CNBC Awards

Cara Alokasi Joint Cost untuk Produk Gabungan

Diterbitkan:

Satu proses produksi bisa menghasilkan beberapa produk sekaligus, tapi biaya di awalnya tercampur jadi satu. Di titik ini, tantangan terbesar biasanya bukan menghitung total biaya, melainkan membaginya secara masuk akal ke tiap produk.

Joint cost dipakai untuk menata biaya gabungan sebelum produk terpisah di split-off point. Penentuan alokasi yang rapi membantu tim melihat HPP per produk dengan lebih jelas, terutama saat harga jual, volume, dan biaya lanjutan tiap produk tidak sama.

Di praktiknya, metode alokasi perlu mengikuti karakter proses produksi dan data yang tersedia, bukan sekadar ikut metode yang paling populer. Begitu pilih metodenya, barulah perhitungan dan pelaporan jadi konsisten dari periode ke periode.

Key Takeaways

  • Joint cost berasal dari proses produksi gabungan yang menghasilkan beberapa produk, sedangkan common cost timbul dari penggunaan sumber daya bersama untuk produk terpisah.
  • Joint cost adalah biaya produksi gabungan sebelum titik pemisahan yang harus dialokasikan agar pembukuan laporan keuangan dan strategi harga tetap akurat.
  • Biaya ini muncul secara alami dari proses produksi tunggal yang menghasilkan beberapa produk secara serentak.

Daftar Isi:

    Daftar Isi

      Peran Joint Cost dalam Akuntansi Biaya

      Joint cost adalah total biaya bahan baku, tenaga kerja, dan overhead yang dikeluarkan dalam satu proses produksi gabungan sebelum mencapai titik pemisahan (split-off point) menjadi produk-produk yang berbeda.

      Di industri manufaktur, misalnya, joint cost sering kali menjadi area abu-abu yang membingungkan. Biaya ini muncul secara alami dari proses produksi tunggal yang menghasilkan beberapa produk secara bersamaan, atau yang kita kenal sebagai produk gabungan (joint products). Artinya, biaya ini tidak dapat dilacak atau dibebankan secara langsung ke satu produk spesifik sebelum produk tersebut terpisah secara fisik.

      Urgensi pemahaman ini sangat tinggi bagi manajemen level atas karena kesalahan alokasi dapat mendistorsi laporan laba rugi secara signifikan.

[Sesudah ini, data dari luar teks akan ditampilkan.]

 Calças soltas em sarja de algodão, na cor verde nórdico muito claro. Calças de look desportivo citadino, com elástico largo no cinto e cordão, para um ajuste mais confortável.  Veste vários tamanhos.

      Dalam survei manufaktur di UK, 86,7% responden mengaku memakai product cost sering atau setiap saat untuk keputusan, dan 54,6% memakainya setiap saat

      Untuk memahami konsep ini secara utuh, kita perlu membedah elemen utama yang membentuk strukturnya. Mari kita mulai dengan memahami titik krusial di mana biaya ini mulai bisa dipisahkan.

      1. Konsep Titik Pisah (Split-Off Point)

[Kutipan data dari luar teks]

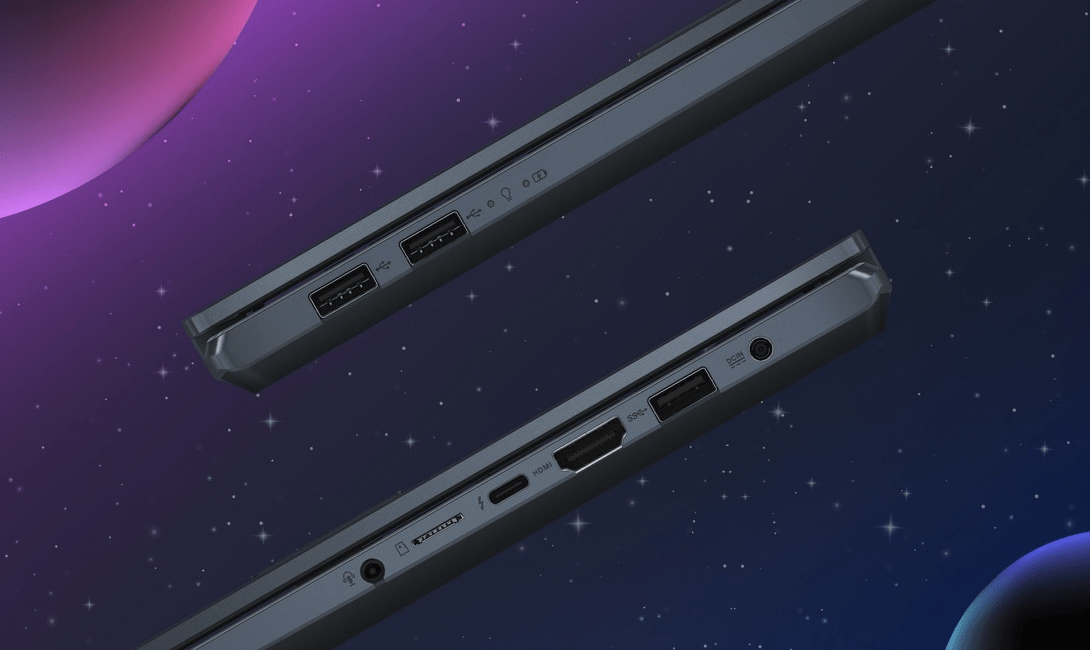 Устройство радует тонким корпусом – 16,9 мм и весит 1,7 кг, то есть, носить его с собой не так тяжело. Производительность в нем обеспечена современным чипсетом AMD Ryzen 5 4600H. Поверхность экрана тут матовая, собственная память 16 Гб, постоянное хранилище – 512 Гб SSD, на корпусе есть три USB-A, USB-C, HDMI. От батареи работает около 12 часов.

      Split-off point adalah momen kritis dalam lini produksi di mana produk-produk gabungan mulai dapat diidentifikasi sebagai unit individu yang terpisah. Sebelum mencapai titik ini, seluruh biaya produksi dianggap sebagai satu kesatuan yang tidak terpisahkan. Pemahaman yang tepat mengenai titik ini sangat penting untuk menentukan kapan alokasi biaya harus mulai diterapkan secara spesifik.

      2. Perbedaan Produk Utama dan Produk Sampingan

      Dalam proses gabungan, output yang dihasilkan biasanya terbagi menjadi produk utama (main product) dan produk sampingan (by-product). Produk utama memiliki nilai jual yang signifikan dan menjadi tujuan utama operasi perusahaan, sedangkan produk sampingan memiliki nilai yang relatif rendah. Perlakuan akuntansi untuk kedua jenis produk ini berbeda, di mana alokasi joint cost umumnya difokuskan pada produk utama saja.

      Perbedaan Fundamental Antara Joint Cost dan Common Cost

      Joint cost muncul dari satu proses produksi yang menghasilkan beberapa produk fisik tak terelakkan, sedangkan common cost adalah biaya penggunaan fasilitas bersama untuk produk yang sebenarnya bisa diproduksi terpisah.

      Banyak praktisi bisnis masih sering tertukar antara joint cost (biaya bersama) dan common cost (biaya bergabung). Joint cost bersifat fundamental dan fisik; misalnya dalam penyulingan minyak mentah yang pasti menghasilkan bensin, solar, dan aspal. Anda tidak bisa memproduksi bensin tanpa menghasilkan produk lainnya dalam proses tersebut.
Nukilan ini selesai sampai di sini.